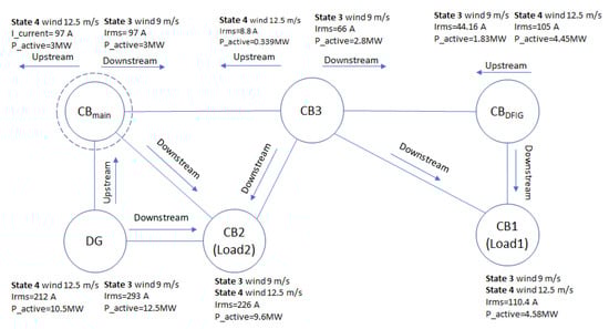 In Figure 8, while there are four different states for the operating conditions of the DFIG system discussed in Section 2, arrows representing power flow direction for states 3 and 4 have been illustrated for the sake of clarity and brevity of the lines. It is obvious from Figure 8 that with the change in wind speed from 9 m/s to 12.5 m/s variations in the RMS current, active power and power flow direction can occur through all CBs within the interconnected distribution network. Also, the dashed line circle in Figure 8 highlights the possibility of islanded mode operation as CBmain is removed from the state transition diagram. In fact, the advantages of identifying CBs with their operation states and connection links of neighboring protection nodes are considered the knowledge representation of the system which will be updated through the MAS architecture defined for the proposed MAPS. In the following, the process of representing system knowledge and applying the logic reasoning for decision making process within MAPS are discussed.
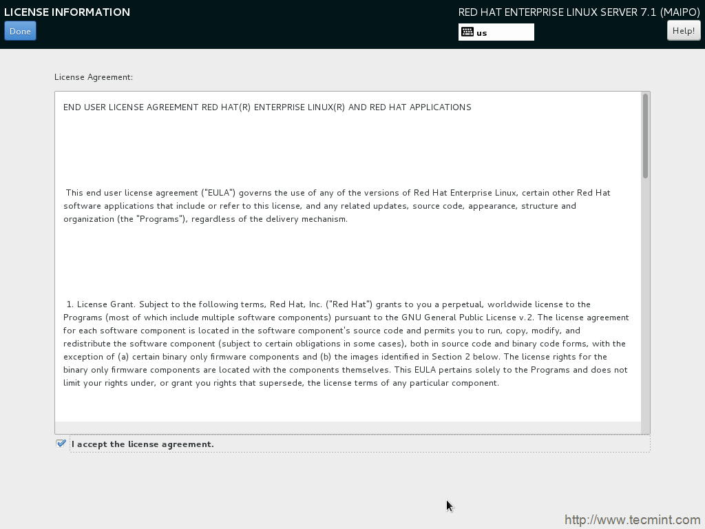 1. After downloading RHEL 7.1 DVD Binary ISO image, then burn it to a CD/DVD media or create a bootable USB media using Unetbootin LiveUSB Creator.
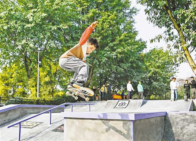 据了解,该公园总面积约2000平方米,总投资450万元,设有碗池和街式两大区域,包括过渡曲面、火山台、金字塔台等多样场景,能满足中高阶腾空、抓板等日常训练需求,还可承办国家级滑板赛事。这里也是目前重庆规模最大的专业滑板运动公园,将成为重庆市滑板运动的训练中心,为征战全运会、亚运会的运动员提供专业的场地保障。

**WHAT THE TASK REQUIRES**
Going from the line holding "1. After downloading" to the last line of the data above, reproduce every line exactly, both included, with the pictures omitted.

**WORKED SOLUTION**
 1. After downloading RHEL 7.1 DVD Binary ISO image, then burn it to a CD/DVD media or create a bootable USB media using Unetbootin LiveUSB Creator.
 据了解,该公园总面积约2000平方米,总投资450万元,设有碗池和街式两大区域,包括过渡曲面、火山台、金字塔台等多样场景,能满足中高阶腾空、抓板等日常训练需求,还可承办国家级滑板赛事。这里也是目前重庆规模最大的专业滑板运动公园,将成为重庆市滑板运动的训练中心,为征战全运会、亚运会的运动员提供专业的场地保障。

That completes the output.